Task brief: What are the lines from the top of the entries through the one with "花溪风景区:距离磐安县城8公"? Write them out exactly, with no pictures.

Exercise inputs:
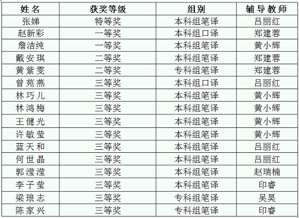 本次比赛充分调动了广大翻译爱好者的积极性,也较好地体现了我院以赛促学、以赛促教的教学成果,我院在本次比赛中获得最佳组织奖,以上辅导老师获得优秀指导老师奖。
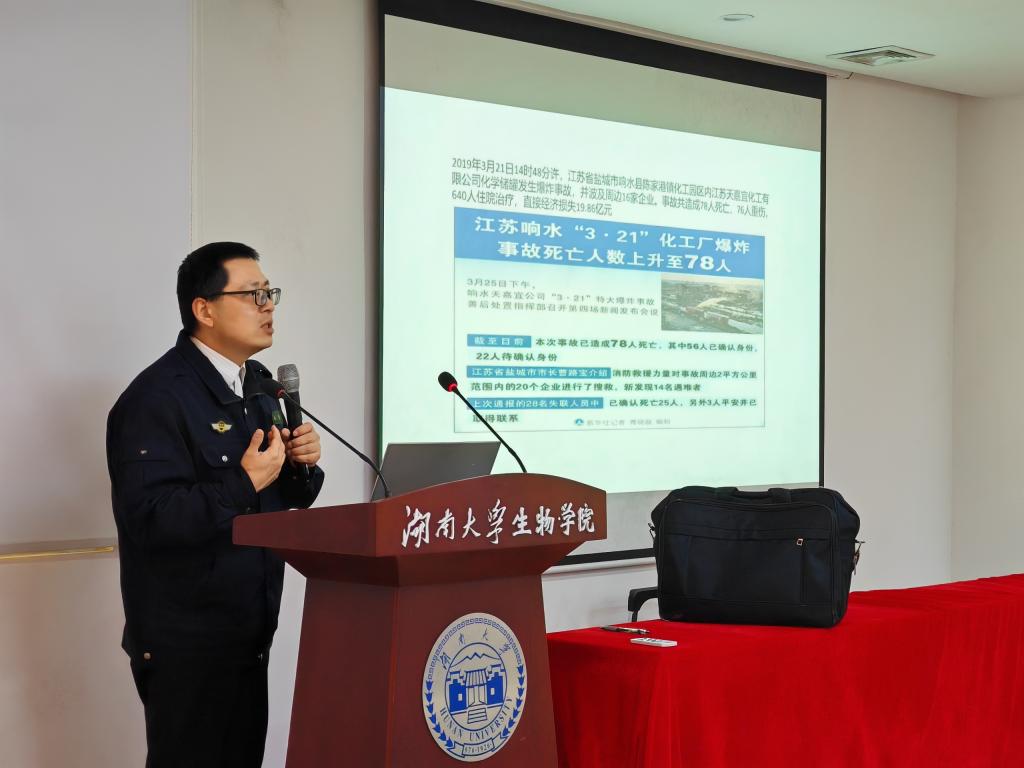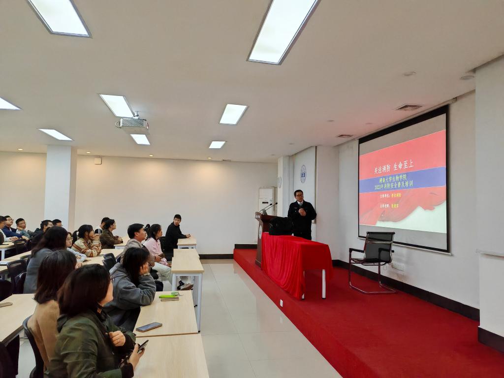 为提升师生消防安全意识,普及消防安全常识,11月14日,球王会开展“关注消防,生命至上”消防安全普及培训活动,湖南省普安消防公司张教官主讲,公司党委书记陈艳、副书记邹志成、实验室教师以及本研员工寝室长参加培训。
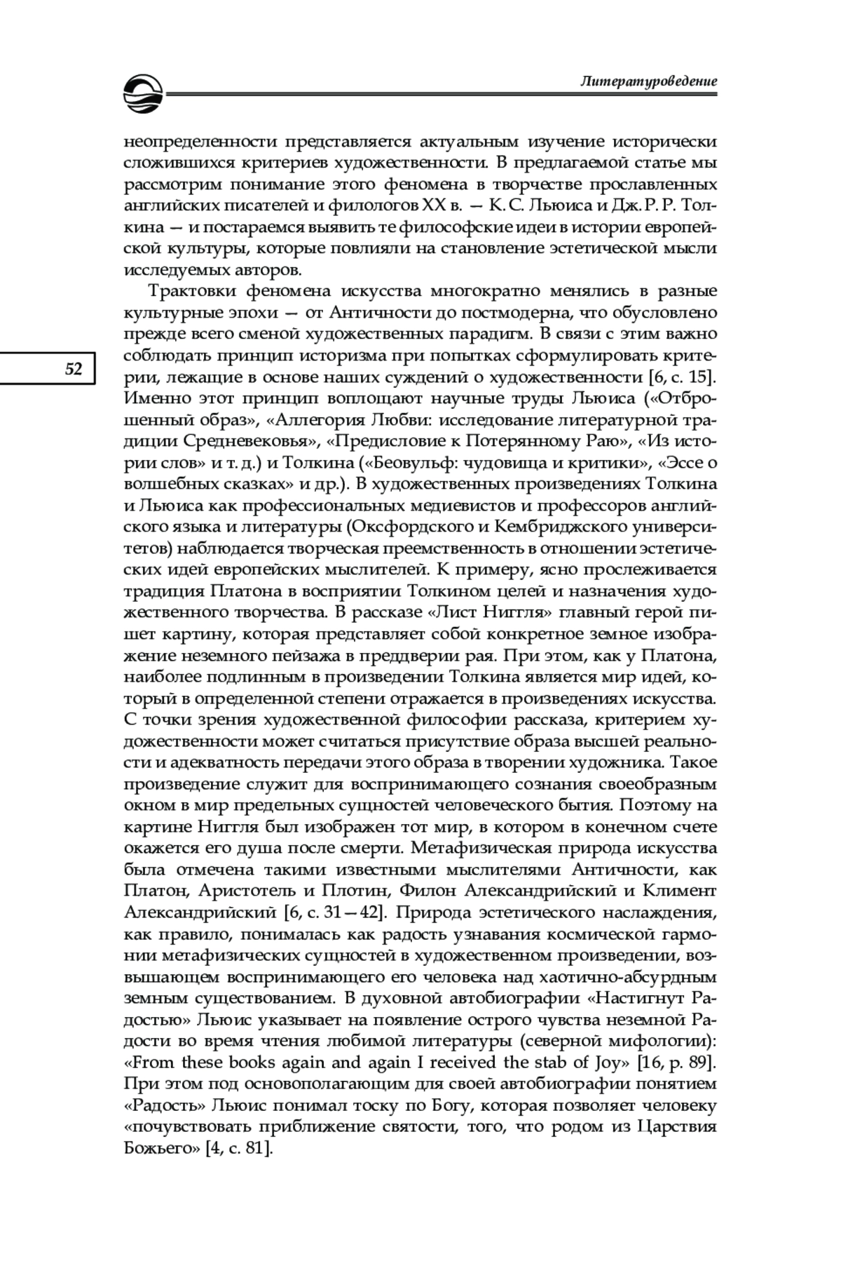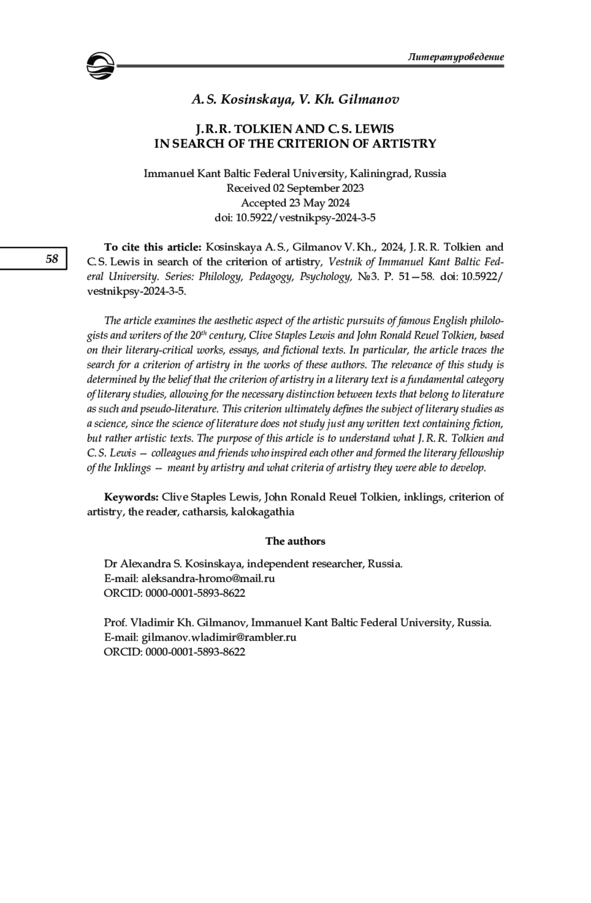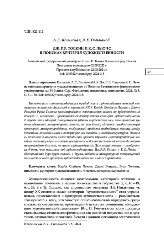 5. Косинская А. С. Рецептивная эстетика Клайва Стейплза Льюиса (к вопросу о критерии художественности) // Славянская культура: истоки, традиции, взаимодействие. XХII Кирилло-Мефодиевские чтения: материалы междунар. науч.-практ. конф. М., 2021. С. 233-238. EDN: KUFFOV
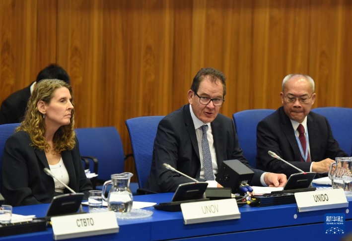 4月28日,在奥地利维也纳,联合国工业发展组织总干事穆勒(中)在全球治理倡议主题活动暨维也纳“全球治理之友小组”启动仪式上致辞。新华社记者贺灿铃摄
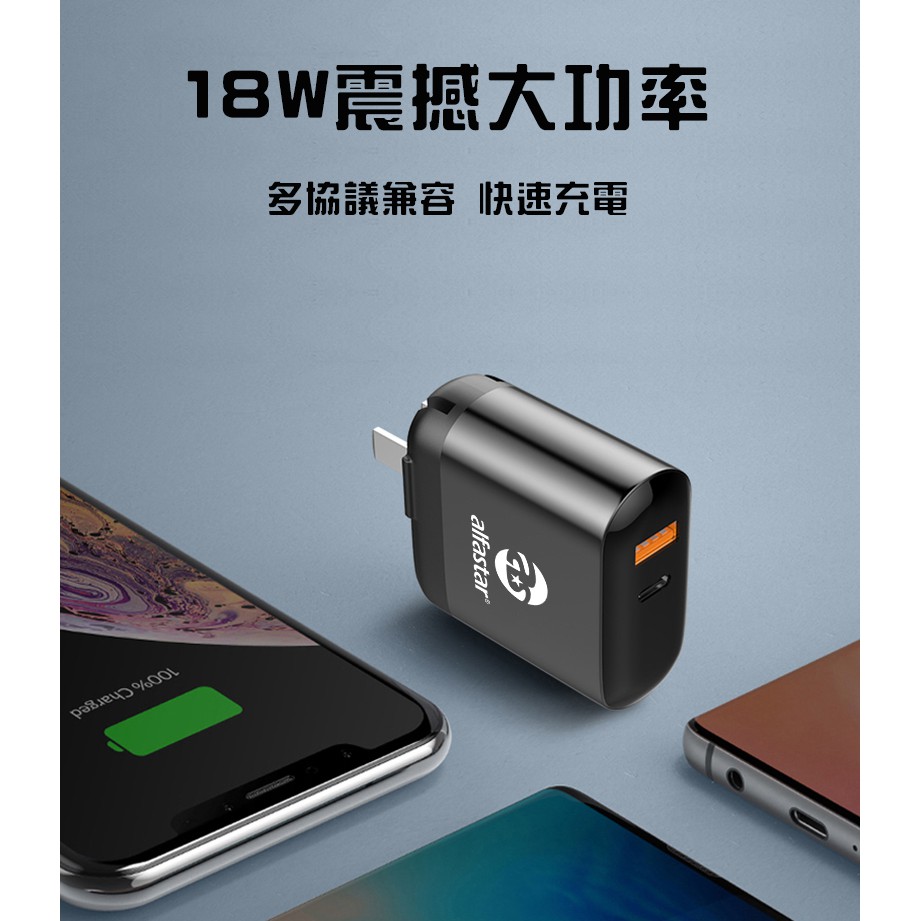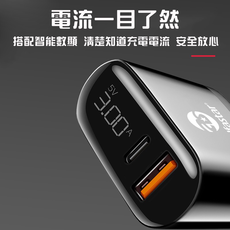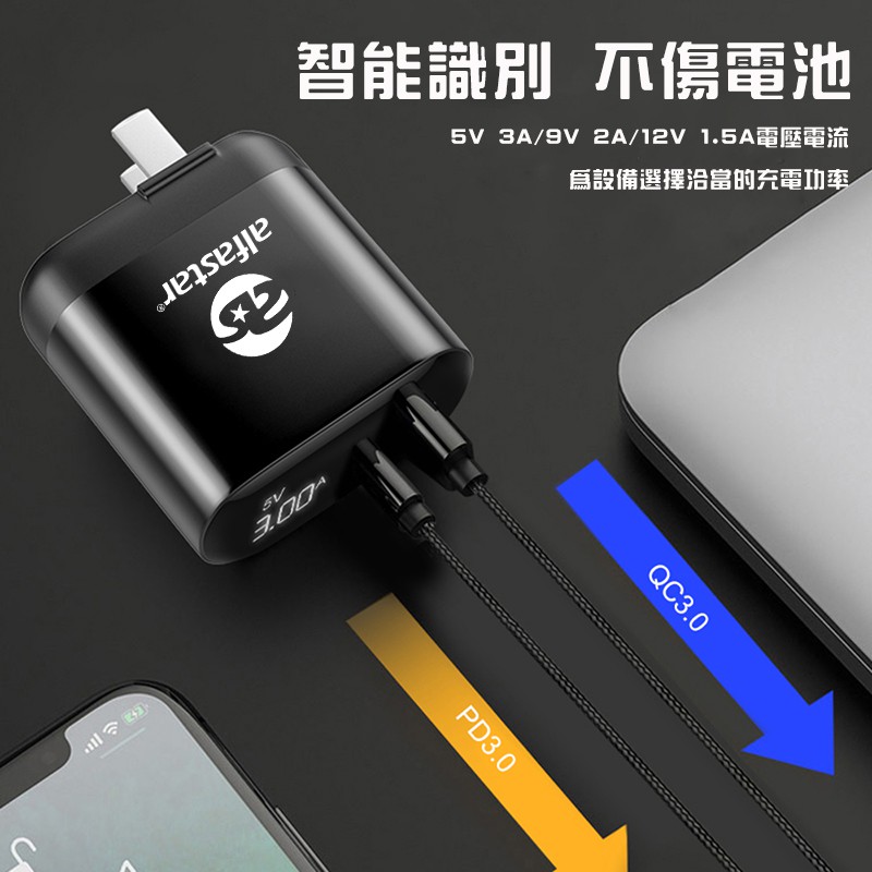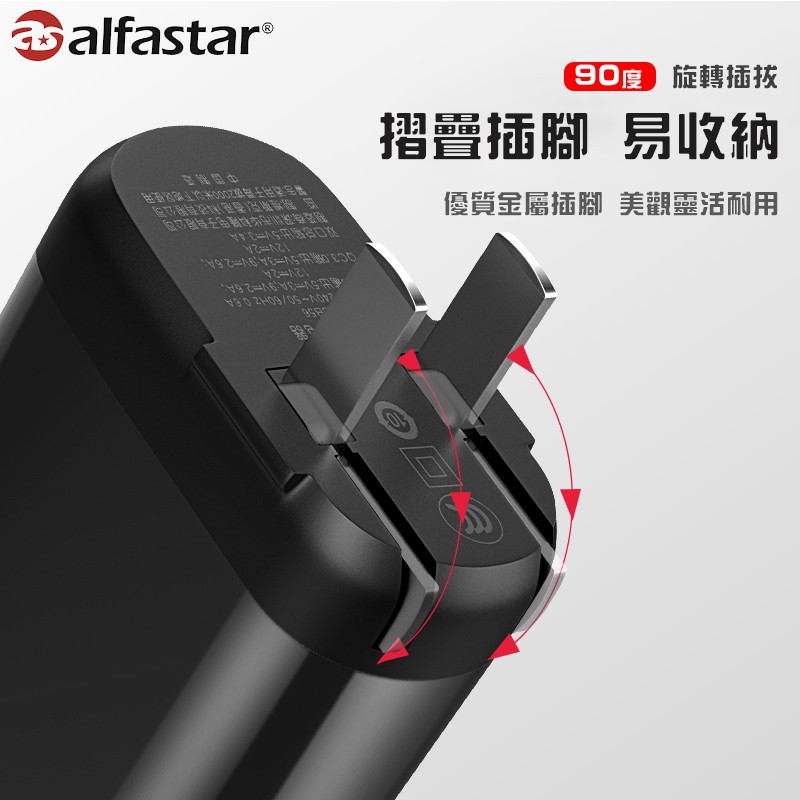 【alfastar】數顯快充 雙孔充電頭 USB+Type-C插座|折疊插頭|顯示電流|手機平板通用
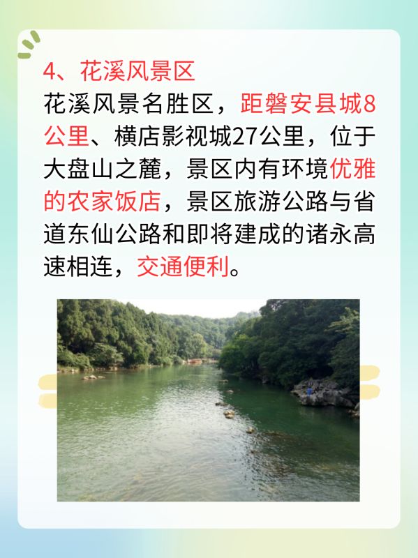花溪风景区:距离磐安县城8公里、横店影视城27公里,位于大盘山之麓,有农家饭店,交通便利。
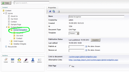 At the bottom right of every page are the 'global navigation links' you can easily customise the links that are shown here in the sitebuilder, but first you need to tell Umbraco where these links are located in the content tree - shown in green
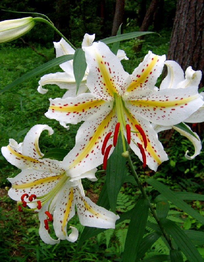 Лилия  Голд Бенд (Восточный гибрид) – луковичное растение  высотой  до 100см. Стебли светло зеленые с 5-8 цветками, листья очередные. Направленные вверх цветки – белоснежные с желтыми полосами и малиновым крапом, диаметром до 20см, с насыщенным ароматом. Цветет в июле-сентябре. Используют в групповых посадках, миксбордерах, клумбах и на срезку.
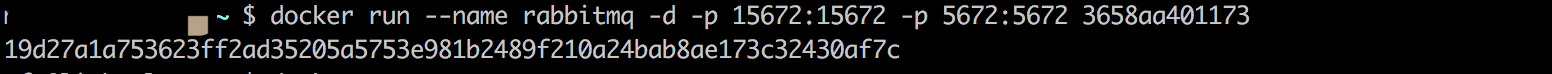 docker run --name rabbitmq -d -p 15672:15672 -p 5672:5672 3658aa401173
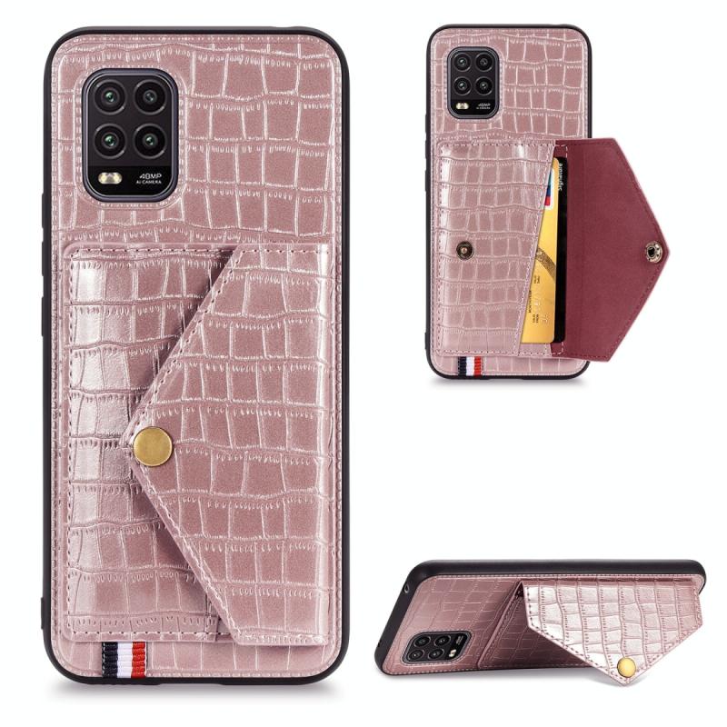 Για Xiaomi 10 Lite Θήκη με Δερμάτινη Υφή Κροκόδειλου, Κάρτες & Μαγνήτη (Ροζ Χρυσό)
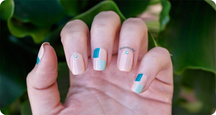 Pues bueno, quería comentaros que la entrada de hoy para mi es especial, ya que le propuse a Belén, administradora del blog ManiCute, el realizar un diseño con la misma temática y ella aceptó, asi que públicamente quiero darle las gracias por darme esta oportunidad :) La temática elegida fue "diseño geométrico" y, como no tengo mucha práctica con el nail tape, decidí arriesgarme, siendo este el resultado final:
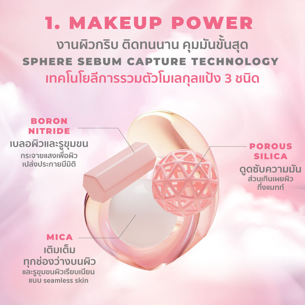 • Sphere Sebum Technology: เทคโนโลยีการรวมตัวของโมเลกุลแป้ง 3 ชนิด เบาสบายผิว เรียบเนียน ติดทนนาน
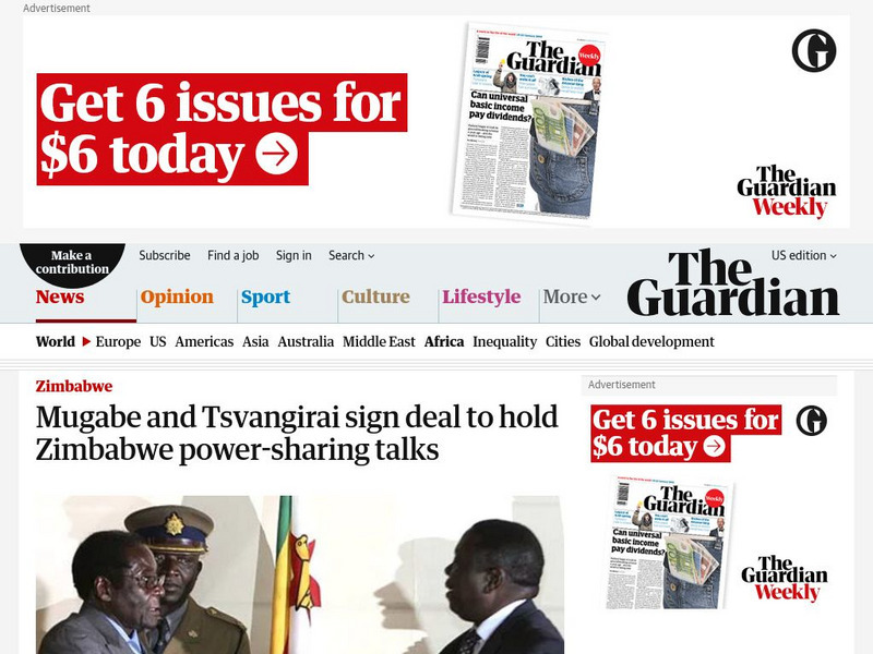 President Mugabe of Zimbabwe agrees to hold talks with the opposition leader to discuss sharing power. Mugabe was criticized for what was perceived by many as an undemocratic election process that returned him to power. [Date of Article: 21 July 2008]
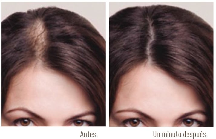 - Agitar el envase suavemente encima de las áreas con escasez de pelo y utilizar el peine para acabar de repartir el producto de forma homogénea.
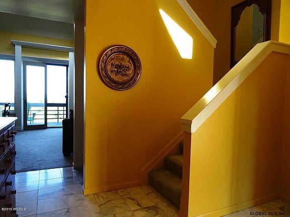 Lake View 3BR/3b townhouse overlooking Lake George & forever wild area. The great room is freshly painted & has new carpet plus a stone fireplace. Enjoy dining al fresca on the spacious deck overlooking mountains & lake. The bright, white kitchen w/marble floors & a breakfast bar opens to the great room & has a spacious loft overhead. Main level bedroom & full bath. Above grade, ower level includes master w/California closets, marble bath w/whirlpool & private deck & a guest BR+bath. 2013 propane furnace & AC compressor. Most furnishings included. HOA includes club house, indoor & outdoor pools, tennis, weight room. Custom Kitchen Feature
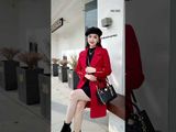 Áo măng tô tay dài dạ lông cừu đỏ cổ B khuy ngang túi cong
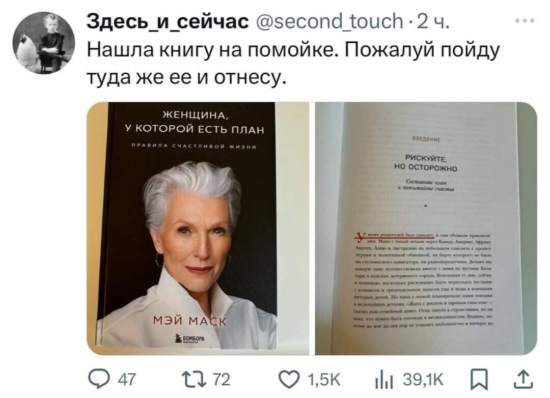 Это я к тому, что иногда стоит не одну фразу выхватить, а поинтересоваться контекстом. Итак, расскажу чуть подробней. Читала давно, но до сих пор чувство довольно приятное от книги. Многие считают, что писала она не сама, а нанятый писатель. Не считаю, что это делает книгу хуже или лучше. тут ведь смысл именно в том, чтобы получить впечатление о жизни известной персоны. В прошлом году, например, книга принца Гарри наделала много шуму. В таких рассказах интересно именно узнать о каких-то малоизвестных или вообще неизвестных фактах биографии и попытаться понять, что сделало этого человека знаменитым – ну, кроме имени или рождения в семье королевских особ) Мэй Маск Женщина, у
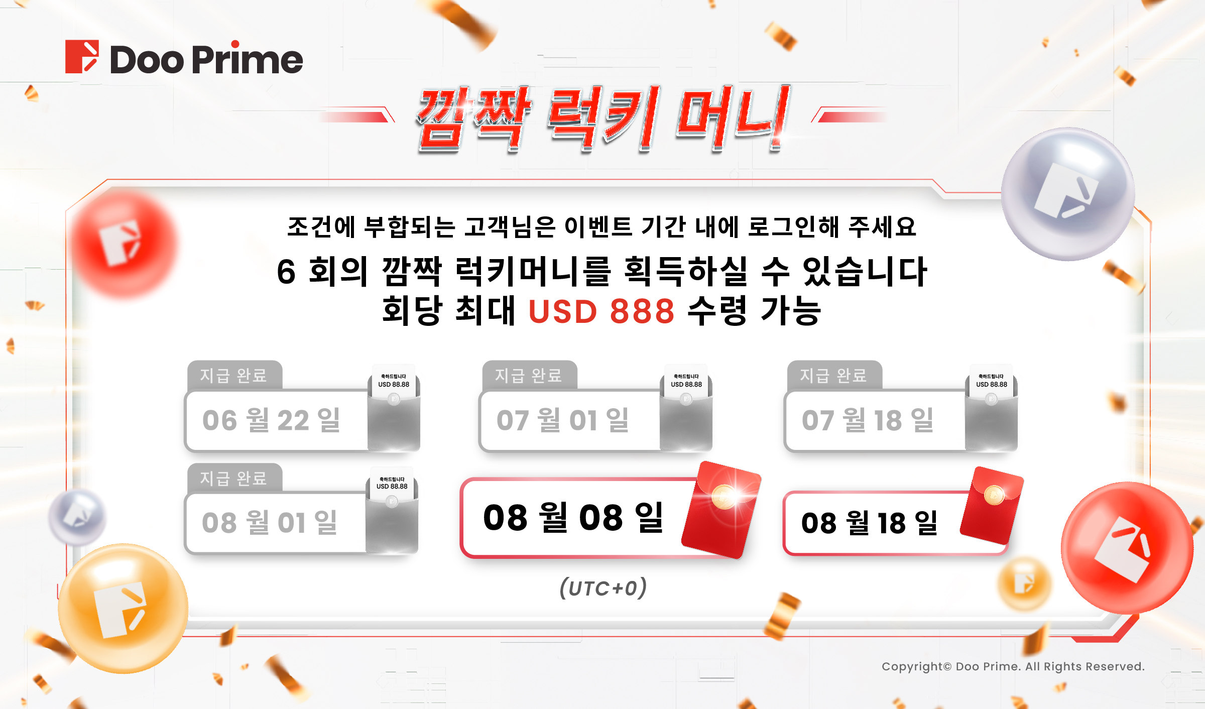 동시에 우리는 8월 8일과 18일 총 2회의 러키 머니를 증정할 예정입니다. 일 회 최대 당첨 금액은 USD 888입니다! 언제나 행운이 따르시길 바라겠습니다. 지금 바로 참여하시고 최종 이벤트 상의 주인공이 되세요!

Result of the task:
 本次比赛充分调动了广大翻译爱好者的积极性,也较好地体现了我院以赛促学、以赛促教的教学成果,我院在本次比赛中获得最佳组织奖,以上辅导老师获得优秀指导老师奖。
 为提升师生消防安全意识,普及消防安全常识,11月14日,球王会开展“关注消防,生命至上”消防安全普及培训活动,湖南省普安消防公司张教官主讲,公司党委书记陈艳、副书记邹志成、实验室教师以及本研员工寝室长参加培训。
 5. Косинская А. С. Рецептивная эстетика Клайва Стейплза Льюиса (к вопросу о критерии художественности) // Славянская культура: истоки, традиции, взаимодействие. XХII Кирилло-Мефодиевские чтения: материалы междунар. науч.-практ. конф. М., 2021. С. 233-238. EDN: KUFFOV
 4月28日,在奥地利维也纳,联合国工业发展组织总干事穆勒(中)在全球治理倡议主题活动暨维也纳“全球治理之友小组”启动仪式上致辞。新华社记者贺灿铃摄
 【alfastar】數顯快充 雙孔充電頭 USB+Type-C插座|折疊插頭|顯示電流|手機平板通用
花溪风景区:距离磐安县城8公里、横店影视城27公里,位于大盘山之麓,有农家饭店,交通便利。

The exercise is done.